Plainte déposée à la gendarmerie

Après un tour aux urgences, René a déposé plainte le lendemain à la gendarmerie. « L’originalité de l’affaire est que ses agresseurs ont aussi porté plainte contre lui, explique Gabriel Doublet, maire de Saint-Cergues et président de la communauté d’agglomération Annemasse agglo.

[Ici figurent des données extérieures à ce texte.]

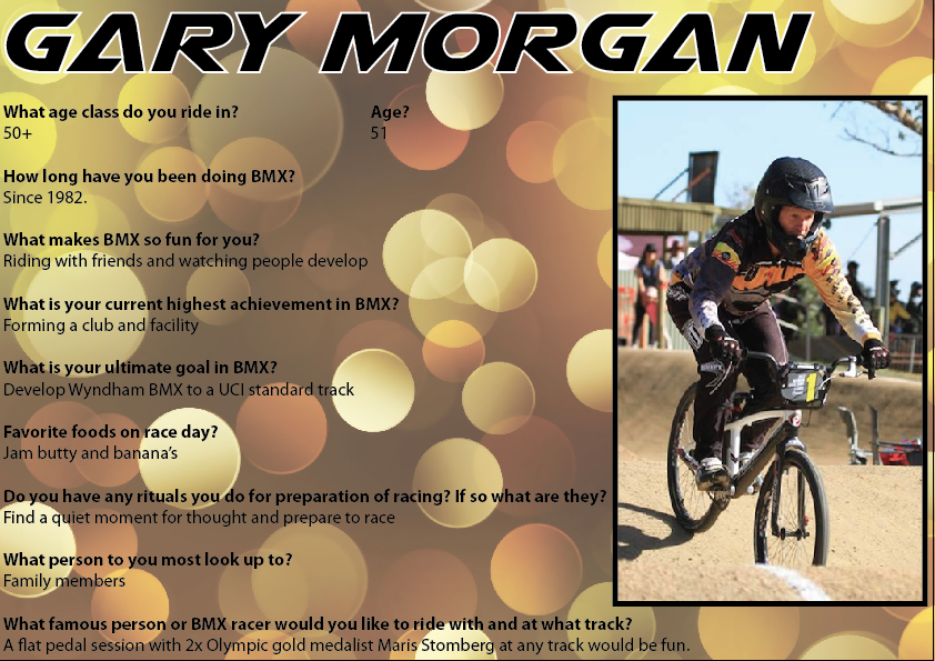 The Wyndham Warriors BMX Club would like to congratulate Gary on a tremendous career,we congratulate and thank him for building such a great club. We wish Gary all the best in his future endeavours.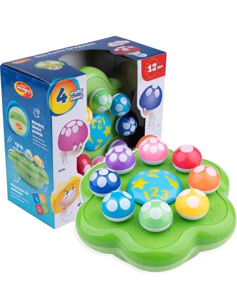 Kwiatek na kołyszącej podstawie zabawi na 4 różne sposoby! Zabawka posiada 4 tryby działania: cyfry, muzyka, kolory i gry. Aby wybrać konkretny tryb należy nacisnąć na niebieskie kółko, znajdujące się na środku zabawki. W trybie cyfry, zadaniem malucha będzie liczenie kropek, znajdujących się na kolorowych grzybkach, w trybie kolory, poznawanie nazw kolorów widocznych na grzybkowych kapeluszach, w trybie muzyka, grzybki w magiczny sposób przekształcą się w klawisze pianinka, aby maluch mógł zagrać na nich prawdziwy koncert, a w trybie gra, zabawka będzie zadawać pytania dotyczące liczenia i określania kolorów. Zabawka wyposażona jest w regulację głośności oraz wyłącznik.
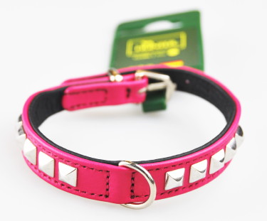 ピラミッド型のシルバースタッツがハードで大人っぽい印象を与える小型犬用カラーです。
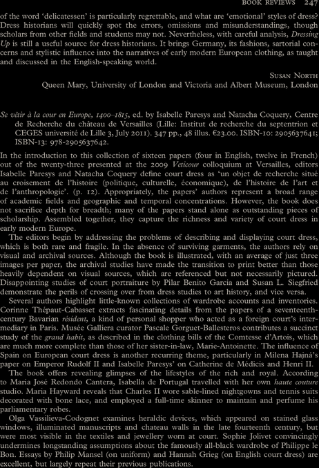 Se vêtir à la cour en Europe, 1400-1815, (publication from the international symposium held on 3,4 and 5 June, 2009), directed by Isabelle Paresys and Natacha Coquery, joint publication Centre de recherche du château de Versailles / Institut de Recherches Historiques du Septentrion (IRHIS) of the Université Lille 3-Charles-de-Gaulle / Centre de Gestion de l’Édition Scientifique (“Histoire et Littérature de l’Europe du Nord-Ouest” Collection), October 2011, 16 x 24 cm, 350 p., 50 ill., €23 (ISBN: 978-2-905637-64-2).
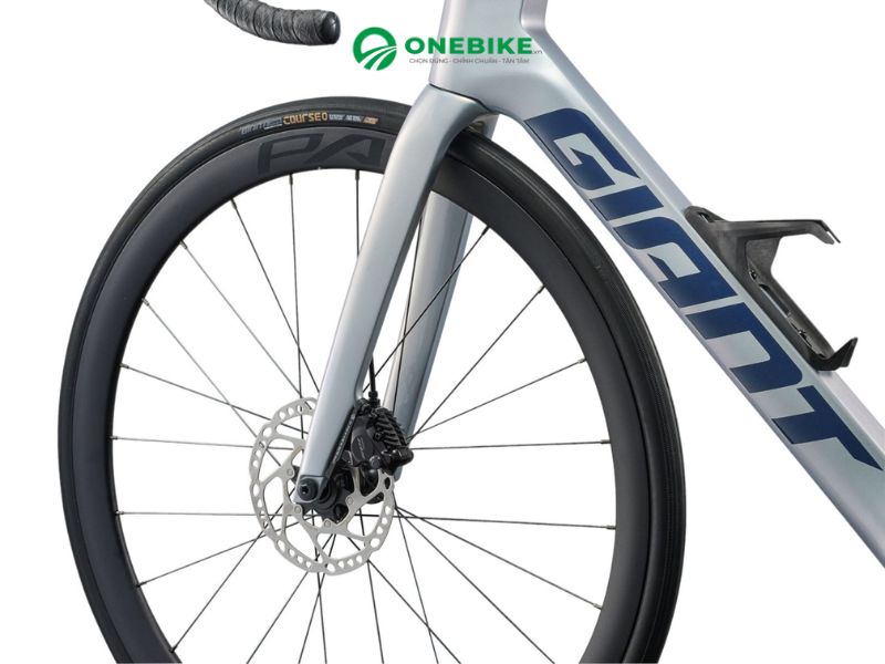 Hệ thống bánh GIANT P-A1 Disc kết hợp lốp GIANT Gavia COURSE 0 Tubeless 700x28C, cho độ bám tối ưu, độ trớn cao và giảm thiểu nguy cơ thủng lốp khi di chuyển đường dài.

Ils ont de fait tous été identifiés et ont reconnu qu’ils avaient violé une propriété privée et les règles du massif en zone Natura 2000. »

Un soutien bienvenu

« Au niveau de l’agglomération, on a tout fait pour le soutenir, ajoute Gabriel Doublet. On a saisi le procureur et déposé plainte pour se constituer partie civile à ses côtés. On a également écrit au préfet de la Haute-Savoie pour demander que les règles soient mieux appliquées et qu’elles fassent l’objet de plus de prévention et de répression sur le massif. »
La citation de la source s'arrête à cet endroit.